Page 1 of Strange Animals


Font Size:

Green died and then hedidn’t.

He twisted his ankle and toppled off the curb. Pain flashed as his cheekbone hit the blacktop. Twenty feet away, the crushing mass of a city bus rolled toward him.

Cheek on the pavement, he watched the zigzag tread of a bus tire, ten, nine, eight feet off and closing.

Brakes squealed. Too late.

At the office, ad copy for a new psoriasis medication sat half written next to a wilting pothos plant. At home, a shadow box diorama of an old Model T car made from salvaged clock parts sat unfinished next to a sewing box full of tiny gears, springs, and minute hands. He was less than a breath away from the lesson that lives are not finished, they are concluded. That lesson was arriving at thirty-five miles per hour.

The black tire filled his vision. No time to scream.

One final thought.

No, this isn’t how it happens.

Then, he was back, standing on the sidewalk as if someone else’s life had been roughly spliced atop his own.

It was a crude edit, his death overwritten. The bus roared past, stinging his eyes with grit and a wall of warm, displaced air.

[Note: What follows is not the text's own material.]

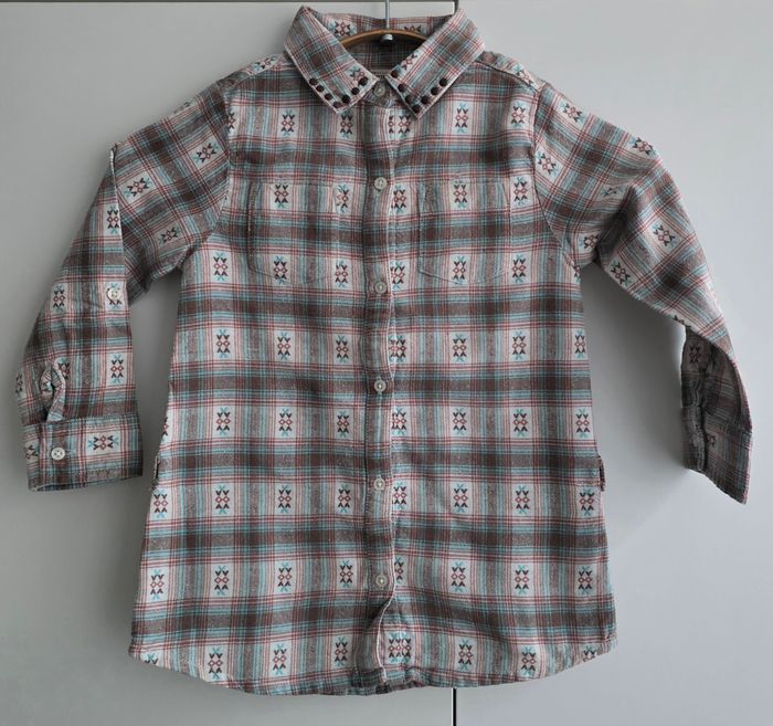 Chemise de marque Tape à l'Oeil, taille 4 ans, 100% coton. Motifs dans les tons turquoise / crème / marron. 2 poches poitrine, 1 bouton de rechange.

He might have wept or collapsed, but before he could a sound sucker punched him like a thunderclap. It was a caw that sent him stumbling backward, knocking a rolling suitcase from an elderly man’s grasp.

Time moved sluggishly.

The man shouldered Green aside and retrieved his luggage, muttering something vicious that Green didn’t catch. A bystander with graying dreadlocks looked up from his phone, then back down.

Green saw the crow.

On a nearby No Parking sign, a black bird the size of a golden retriever was croaking and chittering, punctuated by caws loud enough to rattle storefront windows. The sounds kicked over something inside Green’s guts. The looming creature paused and looked at him as if waiting for an answer.

No one else stopped. No one else looked at the crow.

A final corvid cry inexplicably sent Green’s hand to his pocket.

There was something new there. He pulled it out.

An acorn the color of coffee with cream sat on his open palm. It was a commonplace object that menaced him with its simple presence.

The crow was gone.

His old life was gone with it.

Not finished. Concluded.

Beyond Green’s awareness, somewhere in the Catskill Mountains, a peculiar patch of woods and the things that hunted there were waiting for him. Already, the thread-thin roots of a place he had never visited were reaching for his future. New pathways sprouted from the moment like mushrooms after sunset.

In the dark soil at the edge of his perception, dangerous ideas were growing.

Green steered his indigo ToyotaPrius around another switchback, stitching his way into the mountains. He willed himself to stop clenching his jaw and try to enjoy the beauty of the landscape, raising his thumb to massage a knot of muscle just below his ear. It was no good. Fifty miles ago, the approaching mountainside wilderness looked beautiful. Now, as cell service became spotty and the sun sank low, beauty shifted to threat.

The one comfort of Green’s drive into the wilderness was that he could not be lost because he didn’t know where he was going.

The acorn rested in his pocket, its figurative weight transferring through his leg to press on the accelerator. That strange little object drove him forward. Only habits and memories drew him back.

His condo in the city was sold.

His resignation was accepted in a neutral, businesslike manner.

His uncle in Columbus didn’t object to being his forwarding address while he “shopped around for a new town to call home.”